Turnout can dramatically shape the political trajectory of emerging leaders and policy initiatives. That’s why voting rights activist Desmond Meade rejects calls to sit this election out, insisting “people are getting an up close and personal view of the consequences of voting or not voting”.
“If we shouldn’t vote or our vote didn’t matter then why are there so many forces investing resources to try to stop us from voting,” said Meade, a legal scholar.
As founder of the Florida Rights Restoration Coalition, Meade advocates for returning citizens, people with prior felony convictions, gaining jobs, housing and healthcare – as well as restoring their right to vote.
Across the country, states have varying laws on felony disfranchisement, but an estimated 5.85 million Americans with prior felony convictions are barred from voting. In Florida, returning citizens had been stripped permanently of the right to vote until 2018, when residents voted in favor of a ballot measure known as Amendment 4 — temporarily striking it down.

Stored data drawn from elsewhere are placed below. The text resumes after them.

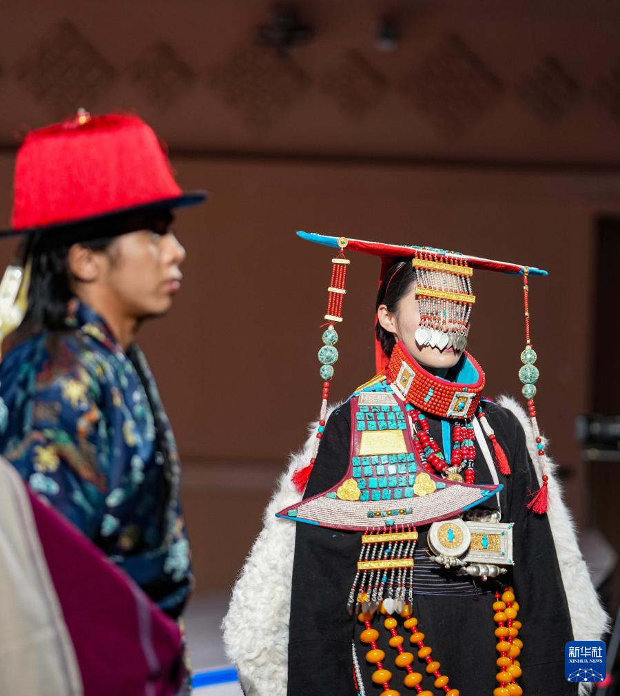 1月5日,模特在西藏傳統(tǒng)服飾秀上進行展示。新華社記者 晉美多吉 攝
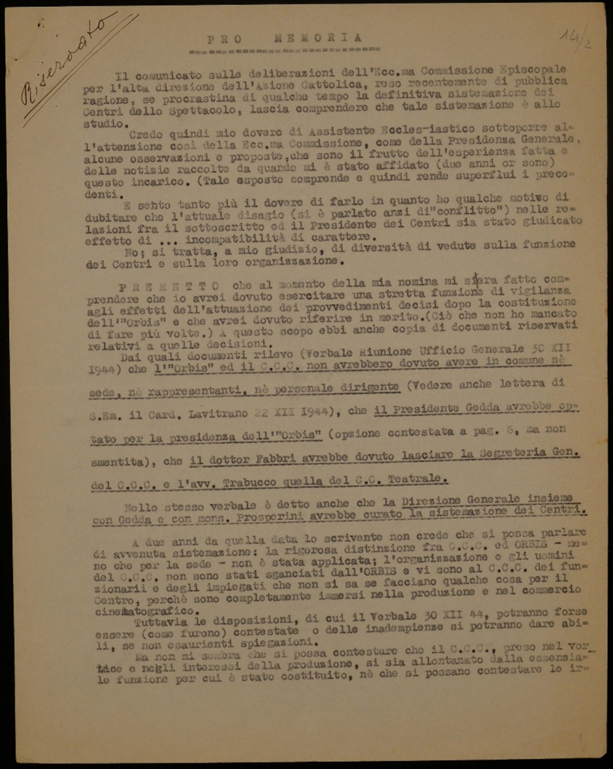 "Pro memoria" sulla sistemazione dei centri dello spettacolo
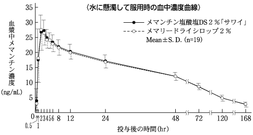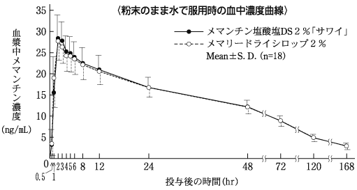 健康成人男性にメマンチン塩酸塩ドライシロップ1g(1g中にメマンチン塩酸塩を20mg含有、水に懸濁して服用又は粉末のまま水で服用)又はメマンチン塩酸塩錠20mg(水で服用)を空腹時単回経口投与したとき、いずれの服用方法でも両製剤の血漿中薬物動態パラメータは同様であること、並びに両製剤が生物学的に同等であることが確認された2)。
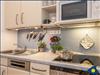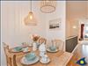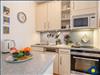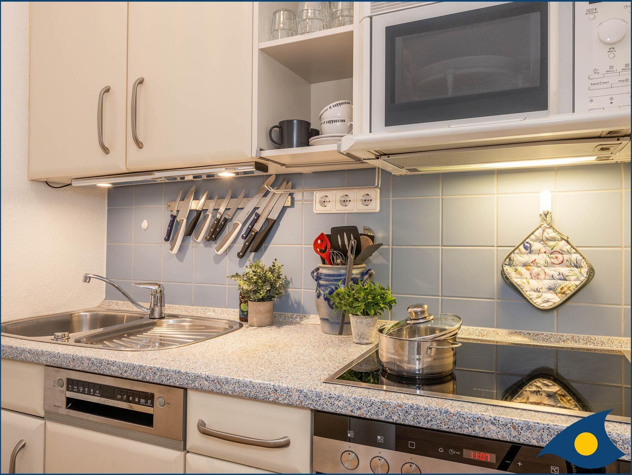 Der Eingangs- und Wohnbereich des Appartements befindet sich in der 2. Etage des Hauses. Hier gibt es neben dem Essbereich eine vollausgestattete offene Küche mit Geschirrspüler, Backofen, großem Ceran-Kochfeld, Mikrowelle und Kühlschrank mit Gefriermöglichkeit.
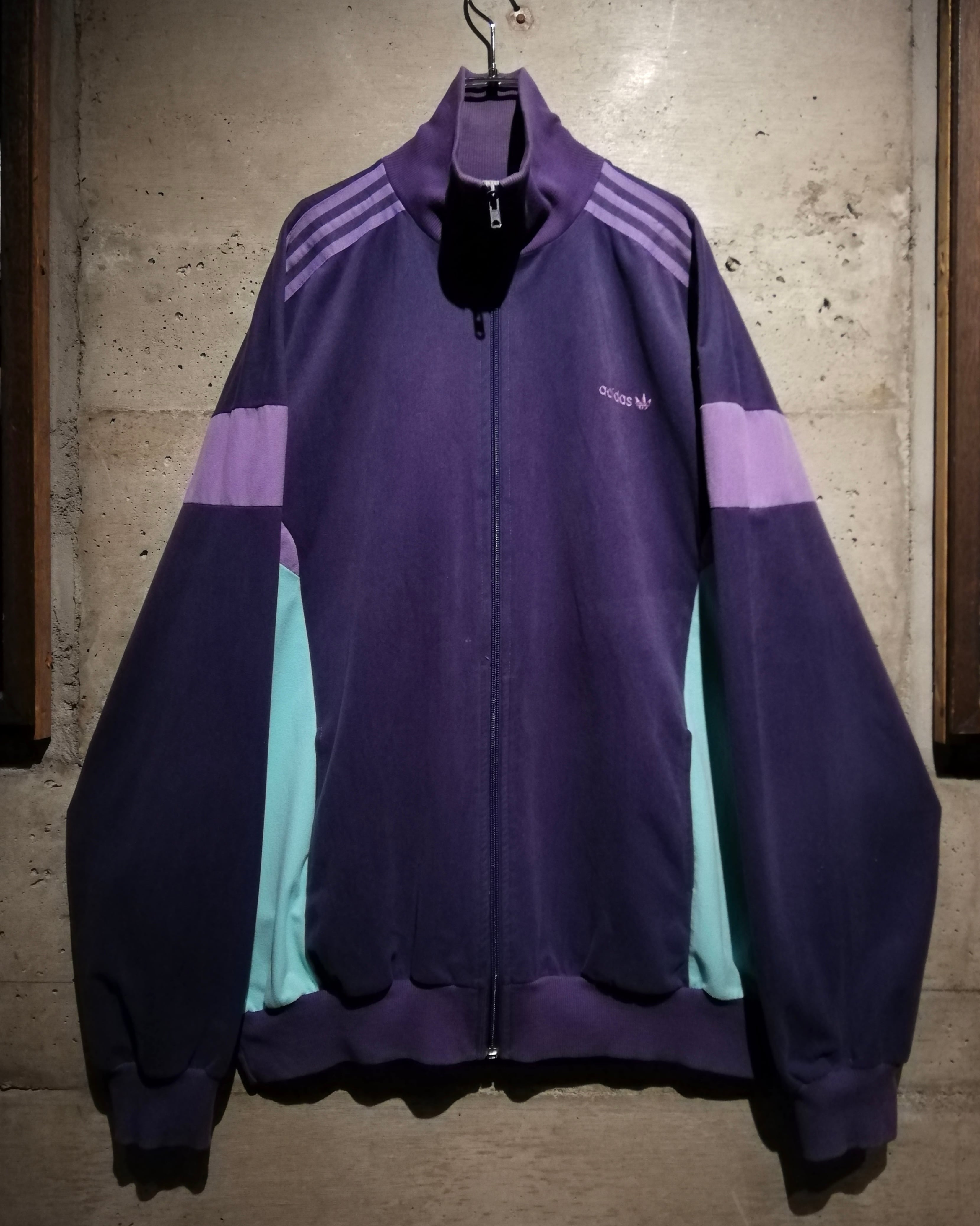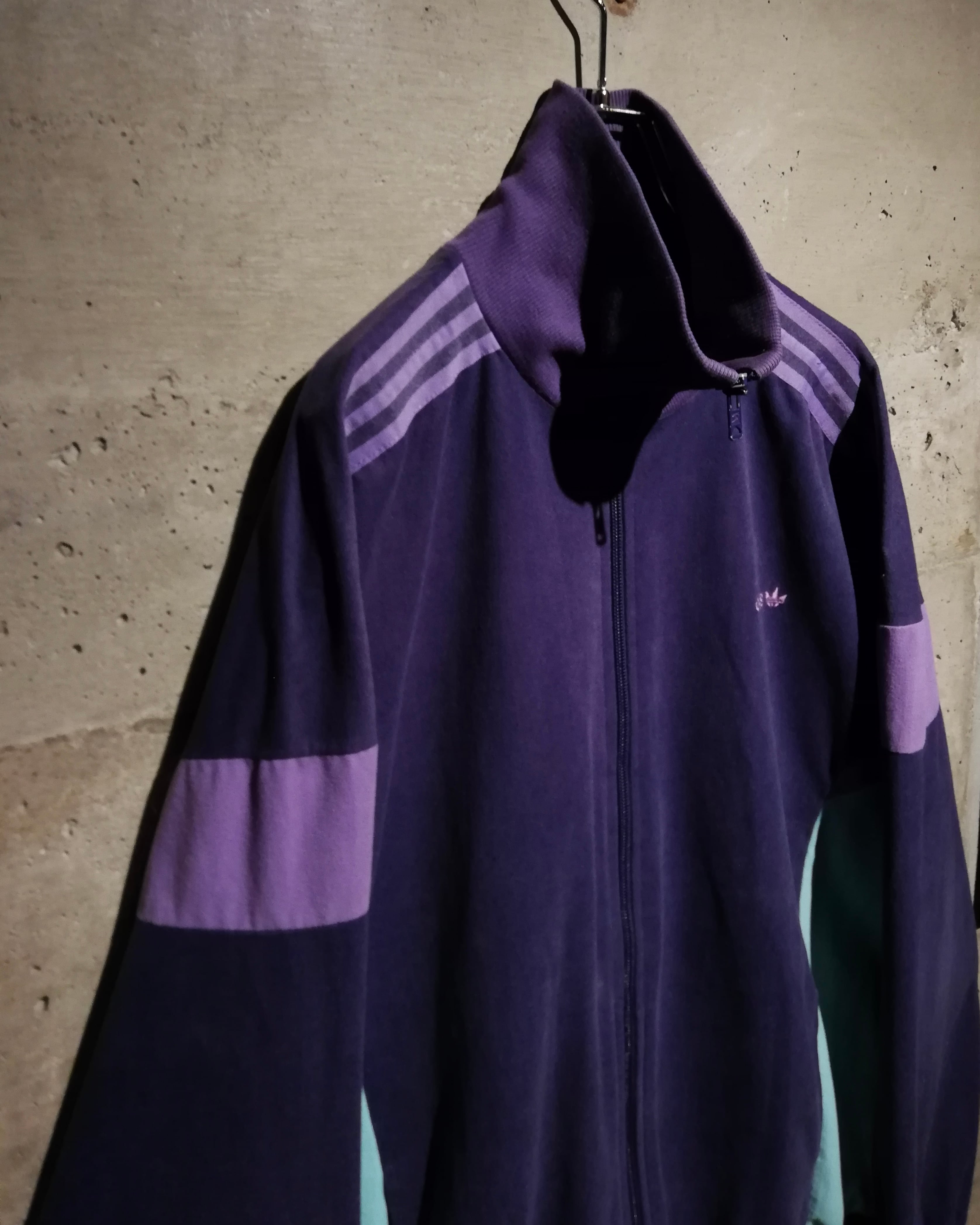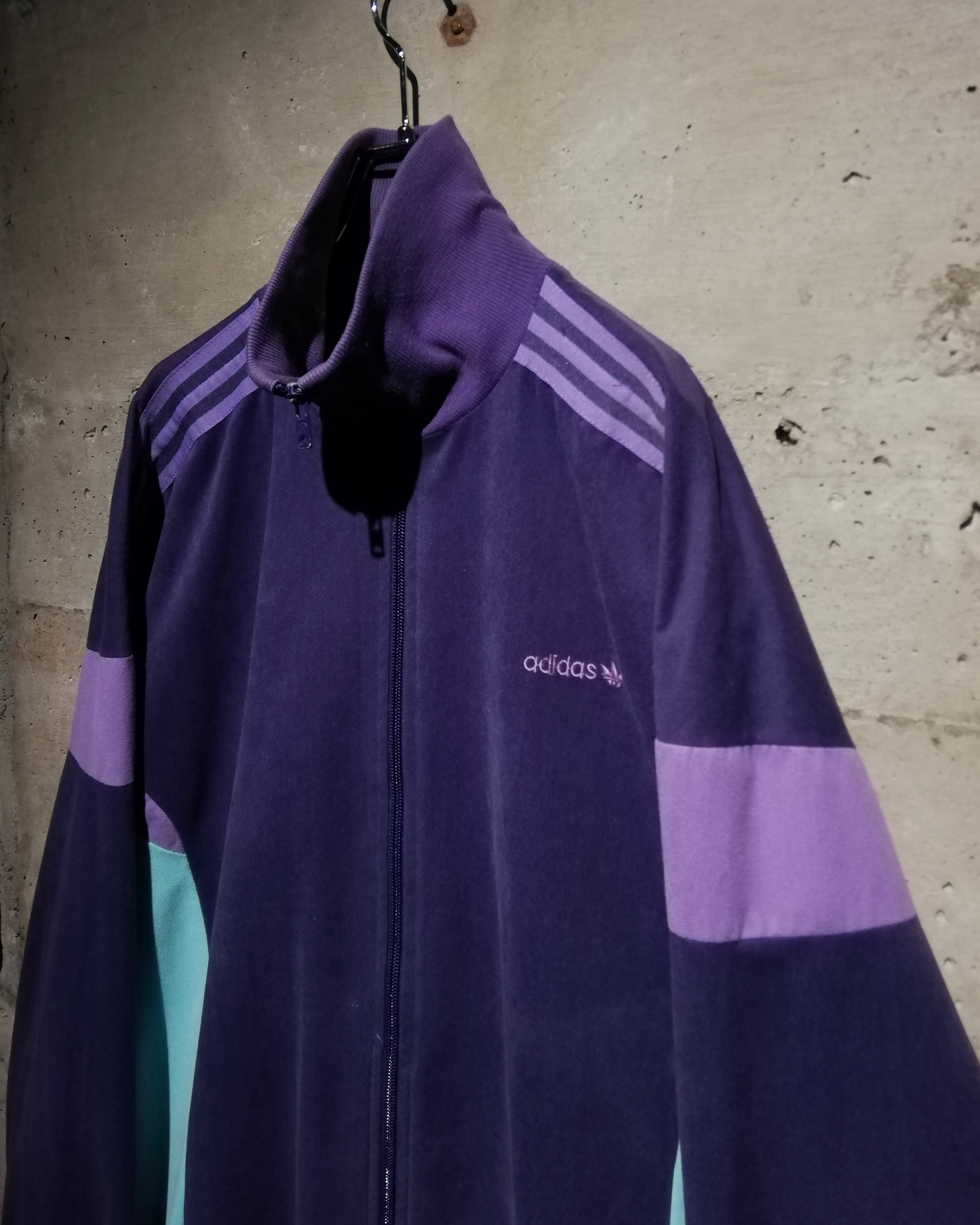 深みのあるパープルを基調に、ライトパープルとミントグリーンを切り替えで配した、存在感抜群のカラーリング。フロント胸元にはトレフォイルロゴ刺繍、肩にはブランドの代名詞でもあるスリーストライプスをあしらい、この年代特有のスポーティでレトロなデザイン性を見せる1着。

Along with the coronavirus outbreak complicating the organization’s outreach efforts, Meade says, state and federal attempts to limit access to voting underscore the difference politician and public servants.
“When politicians are involved, people die. There’s division, there’s hate and fear,” he said. “But when public servants are involved in the community, they have an opportunity to thrive and people have a chance to live.

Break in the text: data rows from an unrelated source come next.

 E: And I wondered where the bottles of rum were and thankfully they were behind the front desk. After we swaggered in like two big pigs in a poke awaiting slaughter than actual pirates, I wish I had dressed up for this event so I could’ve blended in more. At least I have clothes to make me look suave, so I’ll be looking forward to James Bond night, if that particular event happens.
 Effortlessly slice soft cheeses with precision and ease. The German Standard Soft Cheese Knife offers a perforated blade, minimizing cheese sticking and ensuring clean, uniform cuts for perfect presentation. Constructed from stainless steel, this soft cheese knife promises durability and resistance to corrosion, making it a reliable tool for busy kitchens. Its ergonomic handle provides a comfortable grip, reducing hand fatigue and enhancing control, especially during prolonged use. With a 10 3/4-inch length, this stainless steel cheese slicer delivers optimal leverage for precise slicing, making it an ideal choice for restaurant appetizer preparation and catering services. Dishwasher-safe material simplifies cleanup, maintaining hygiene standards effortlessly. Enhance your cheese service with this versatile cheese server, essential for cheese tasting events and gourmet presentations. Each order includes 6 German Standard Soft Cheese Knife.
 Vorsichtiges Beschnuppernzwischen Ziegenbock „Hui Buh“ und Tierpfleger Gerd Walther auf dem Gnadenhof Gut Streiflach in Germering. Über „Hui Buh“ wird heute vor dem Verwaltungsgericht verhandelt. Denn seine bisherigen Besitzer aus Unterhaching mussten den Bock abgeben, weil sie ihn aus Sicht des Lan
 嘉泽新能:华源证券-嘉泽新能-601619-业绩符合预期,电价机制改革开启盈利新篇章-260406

For Meade, the victory was personal. As a returning citizen, Florida’s primary marked the first time he voted in more than 30 years.
“When I went into that voting booth, I took the spirits of my ancestors with me thinking about how many people have died, hung on trees. They overcame all that,” he said. “Covid is nothing compared to what our ancestors went through to be able to secure the right to vote for all of us.”
But in September, a federal appeals court ruled to uphold a Republican state senate bill requiring returning citizens pay restitution and court debts before casting their ballots. Activists now fight against what they called the latest effort by conservatives to suppress the vote.
Fellow activist Rosemary McCoy cites disinformation, not the virus, as their toughest challenge. Trump has already perpetuated false claims of voter fraud and ballot fixing, going as far as to call on supporters to intimidate voters at the polls in the first presidential debate.
“The public believes that they can go out there and they can vote,” she said, calling the bill unconstitutional. “It is a set up so that the president can turn around and say that this is fraudulent.”
McCoy noted that as Trump refuses to guarantee a peaceful transition of power, suggesting 1.5 million Floridians wrongfully voted would only fuel his accusations of a rigged election.
With the election just weeks away, recent polls showing the former vice-president and president are locked in a tight race for the battleground state. As Democrats fight to turn out the vote, Meade’s virtual outreach is amplified by athletes and celebrities who, in recent weeks, have raised millions to clear returning citizens’ debts.
He likens the unprecedented moment to Juneteenth — or 19 June 1865. On that day, two years after Abraham Lincoln signed the Emancipation Proclamation, the last remaining enslaved African Americans on a plantation located in Galveston, Texas, learned of their freedom.
“Coincidentally, we’re coming up on the second-year anniversary of the passing of Amendment 4,” he said. “And there are still people who do not know that they are free.”
Meade’s own freedom was delayed after a board deferred his appeal for clemency in September. Still, he said the fight continues as Black voters across the nation exercise their freedom to hold Democrats, Republicans – and everyone in between – accountable to their vote.
“We’re not going to be just voting for someone because they have a ‘D’ or an ‘R’ next to their name,” he said. “We’re going to be voting for someone who recognizes and respects our humanity.”